Jan 14, 2011 6:59pm Kuemmel (439) 384 posts	Finally I managed to code the first real SIMD NEON version of my Mandelbrot fractal benchmark. You can find it here: FracNEONVFP It includes also the VFP version. The NEON code is more than 10 times faster and still “mathematically equal” to the single precision VFP code. There’s still some possibilities for optimisation, as I always wait for all 4 pixels in the Qx-SIMD-register to diverge. And of course I’m still learning more about NEON each day. One could implement a logic to feed new pixels into the iteration chain, but that’s for later ;-) At the moment I’m just impressed how fast it is…so “brave new world” of NEON for RiscOS for all applications that require fast single precision math. Here are the updated results in seconds (800 MHz). I tuned also the VFP code a bit. `- Frac VFP Single Precision..: 19,12 s - Frac VFP Double Precision..: 22,39 s - FixFrac(64BitMul)..........: 3,98 s - Frac NEON Single Precision.: 1,72 s` @EDIT: Some small corrections due to some code trash in Frac VFP. Download and result corrected.
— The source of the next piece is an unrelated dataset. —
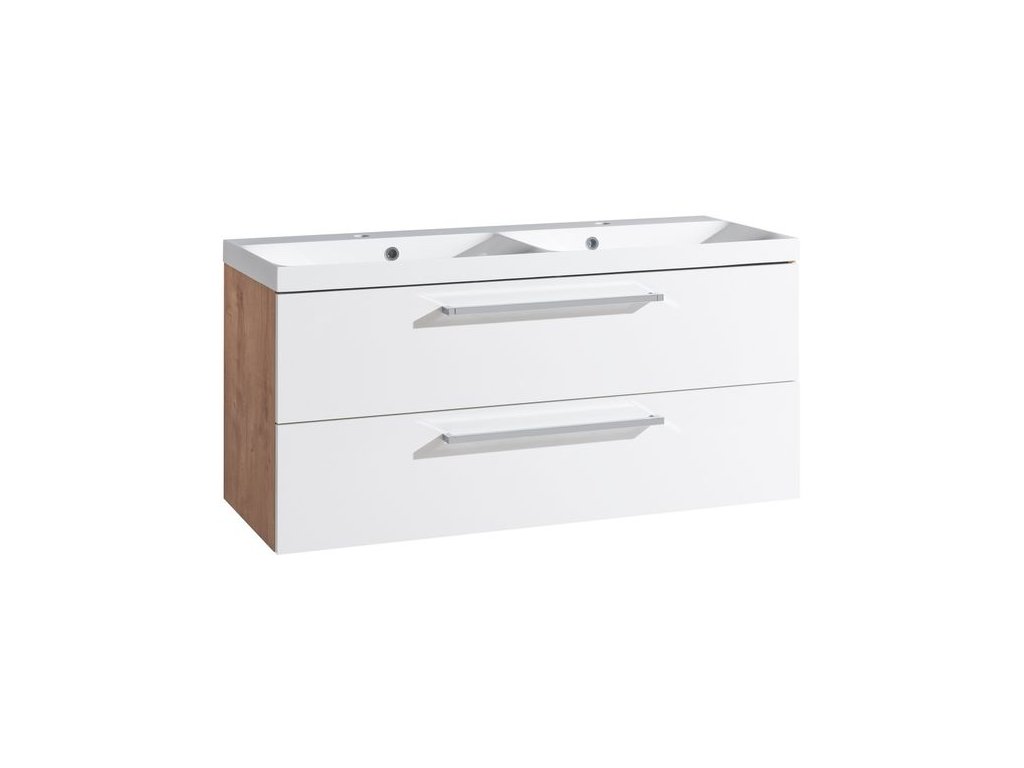 EBS Pure Skříňka s dvojumyvadlem 121 cm, bílá/dub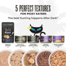Chicken broth, chicken, rabbit, chicken liver, chicken heart, sunflower oil, salt, guar gum, potassium chloride, taurine, choline chloride, magnesium sulfate, calcium carbonate, zinc oxide, iron glycine complex, vitamin E supplement, niacin (vitamin B3), thiamine mononitrate (vitamin B1), copper sulfate, sodium selenite, manganese sulfate, vitamin A supplement, d-calcium pantothenate, vitamin B12 supplement, riboflavin supplement (vitamin B2), pyridoxine hydrochloride (vitamin B6), biotin, folic acid, potassium iodide, vitamin D3 supplement.

Jan 14, 2011 7:26pm Trevor Johnson (329) 1645 posts	This sounds pretty impressive :-) And in case you’ve not all had enough of poor Christmas cracker jokes… What does the B in Benoît B Mandelbrot stand for? ... ... ... ... ... ... Benoît B Mandelbrot

Jan 27, 2011 11:05pm Kuemmel (439) 384 posts	@Trevor :-) I tuned my NEON code again. As stated before now I was successfull to implement all the code logic so that if one or more pixels diverged or reached maximum iterations are instantly replaced by new ones, so the full potential of SIMD is used. You can find it here: FracNEONVFP It includes also the unchanged VFP version. I updated results table in seconds (800 Mhz) here again. `- Frac VFP Single Precision..: 19,12 s - Frac VFP Double Precision..: 22,39 s - FixFrac(64BitMul)..........: 3,98 s - Frac NEON Single Precision.: 1,38 s` As I did a similar x86 assembly code I want give you a feeling how fast or slow the C-A8 from that perspective is (even if of course Intel can use dual precision (SSE2) and so I got to divide the C-A8 results in half for fair play). Even with that the C-A8 is still about 2 times faster clock by clock than an Intel ATOM, and about 5 times slower than the latest Intel i7, which I find still very good, and of course I guess as always C-A8 is the winner in terms of performance/Watt ;-) Now I would really like to see a C-A9 result…praying for a port of RiscOS one day ;-) I might try a real time video style zoom demo, as at low iteration depth the speed even at 800×600 can be more than 10 Frames per second. My benchmark uses an iteration depth of 4096. As I looked more closely at NEON it could also do wonders for Integer stuff, the 128 Bit wide registers can be used for pairwise additions in single instructions very efficiently (e.g. look here: Sum Integers ...this can speed up some data (e.g. image) manipulations at an order of magnitude I guess. I’ll try some day what it can do to my fire benchmark…

Jan 28, 2011 6:56pm W P Blatchley (147) 247 posts	I haven’t had a chance to look at this yet, but I’m really looking forward to it! Thanks for making your efforts public. Would you consider putting some information on the ROOL Wiki about some of the things you’ve found out while working on this VFP / NEON code? It could benefit others in the future, I should think!

Mar 4, 2011 2:27am Trevor Johnson (329) 1645 posts	My data’s in the table in the ‘Benchmarks’ thread.